Man braucht Ausdauer, ein gutes Reaktionsvermögen, manchmal einen schnellen Antritt. Da kommt viel zusammen. Am ehesten ähnelt Politik einem Siebenkampf in der Leichtathletik.
Es gibt viele Beispiele berühmter Sportler, die nach ihrer Karriere in die Politik wechselten, gab es da eine Persönlichkeit, die Sie beeindruckte?
Frank Ullrich, der Biathlon-Olympiasieger, der vergangenen Herbst bei der Bundestagswahl in Südthüringen das Direktmandat für die SPD holte.
Im Duell mit Maaßen
Im Duell mit seinem höchst umstrittenen CDU-Konkurrenten, dem früheren Chef des Bundesverfassungsschutzes Hans-Georg Maaßen.
Ich fand und finde sein Engagement bemerkenswert, weil es dort darum ging, nicht nur Politik gestalten zu wollen, sondern auch ein Statement für die Demokratie zu setzen. Bei diesem Duell um dieses Mandat ging es sehr wohl um rechtsstaatliche demokratische Werte.
Wird der Sport aber nicht zu oft auch von der Politik instrumentalisiert? Es ist auffallend, wie sehr sich früher etwa Bundeskanzler wie Helmut Kohl oder Gerhard Schröder an die Fußball-Nationalmannschaft heranwanzten, gerade wenn zufällig Wahlkampf war.
Wenn sie sich wirklich damit identifizieren und sich als Repräsentanten der Gesellschaft wie viele Millionen anderer Bundesbürger ehrlich darüber freuen, sehe ich da kein Problem. Es sollte klugerweise nur nicht genutzt werden, um sich als Politiker mit dem Erfolg von Sportlern zu schmücken, so etwas wird aber auch schnell durchschaut - und geht nur selten gut.
Wie beim bedenklichen Auftritt von Frankfurts OB Feldmann, der den Eintracht-Spielern beim Empfang nach dem Europa League-Triumph den Pokal entriss.

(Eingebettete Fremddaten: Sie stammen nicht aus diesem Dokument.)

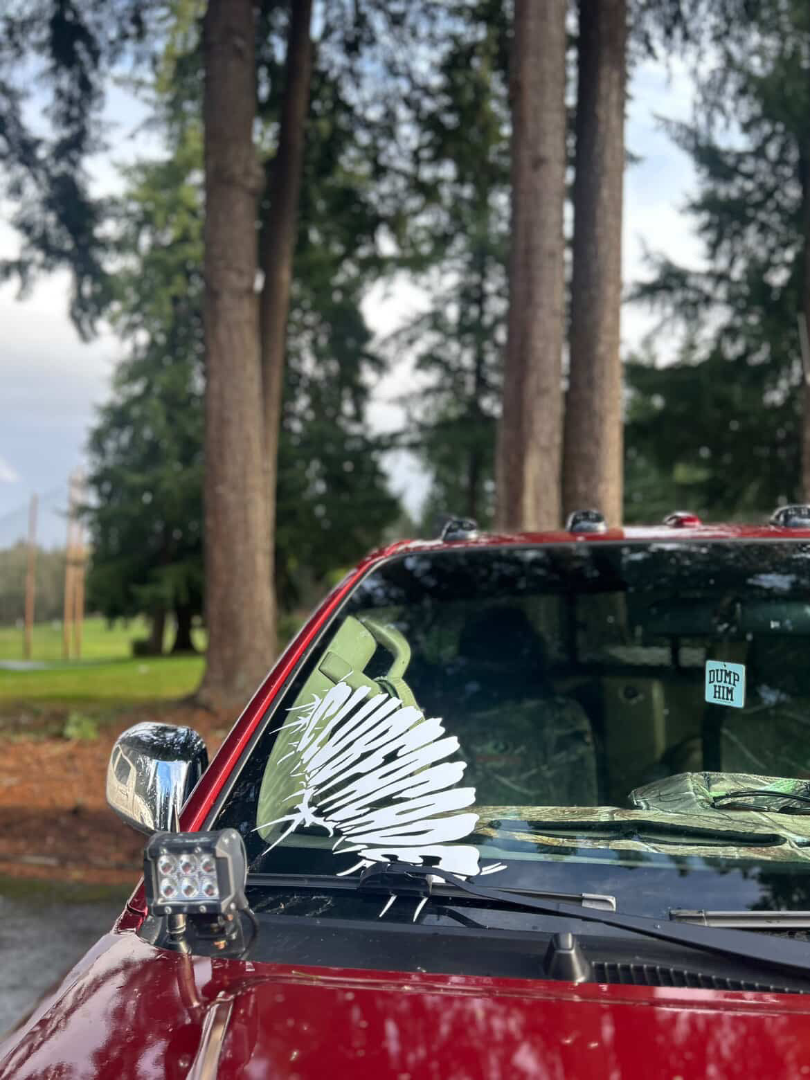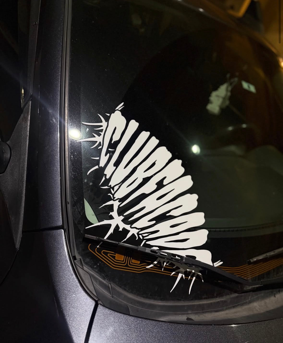 The Yūshi Corner Banner sticker brings authentic edge to your vehicle with bold barbed wire corner design
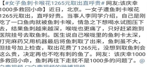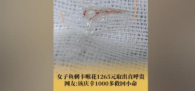 在醫生看過之后說,魚刺扎的地方過生,所以需要打麻藥,利用機器將魚刺取出來,雖然魚刺比較小,但是通過檢查和打麻藥,機器取刺等一系列操作之后加起來超過了1200元,女子感覺到十分心疼。但網友評論那雖然價格稍顯貴,但確實救了一條命,這樣想想的話與命相比這個價格也不是很貴了。

Man sollte einfach immer schauen, dass man den eigenen Adrenalin-Spiegel im Griff hat.
Rehlinger über mündige Sportler
Umgekehrt gibt es viele Sportler, die sich von politischen Themen stark distanzieren. Exemplarisch die Winterspiele in Peking, als viele Athleten auf die Frage zu Menschenrechten nichts sagen wollten. Wären mündigere Sportler nicht wünschenswert?
Da gehöre ich zu denen, die es den Sportlern zugestehen, sich nicht zu äußern, gerade, wenn sie sich auf ihren Wettkampf konzentrieren. Anderseits würde ich mir auch wünschen, dass noch mehr Sportler mit ihrer Vorbildrolle ein Zeichen - zum Beispiel gegen Homophobie - setzen. Das Outing ehemaliger Sportler wie Thomas Hitzlsperger hat ja eine große Wirkung gehabt. Wobei mir am liebsten wäre, dass es dafür gar keinen Mut bräuchte, weil die sexuelle Orientierung ganz egal ist. Bei der WM in Katar sehe ich dabei vor allem die Funktionäre in der Pflicht.
Sie meinen DFB-Verantwortliche wie Präsident Neuendorf und Geschäftsführer Bierhoff?
Da habe ich die klare Erwartungshaltung, dass sie den Druck von den Sportlern wegnehmen und sich selbst klar gegen Homophobie und weitere Missstände in Katar positionieren.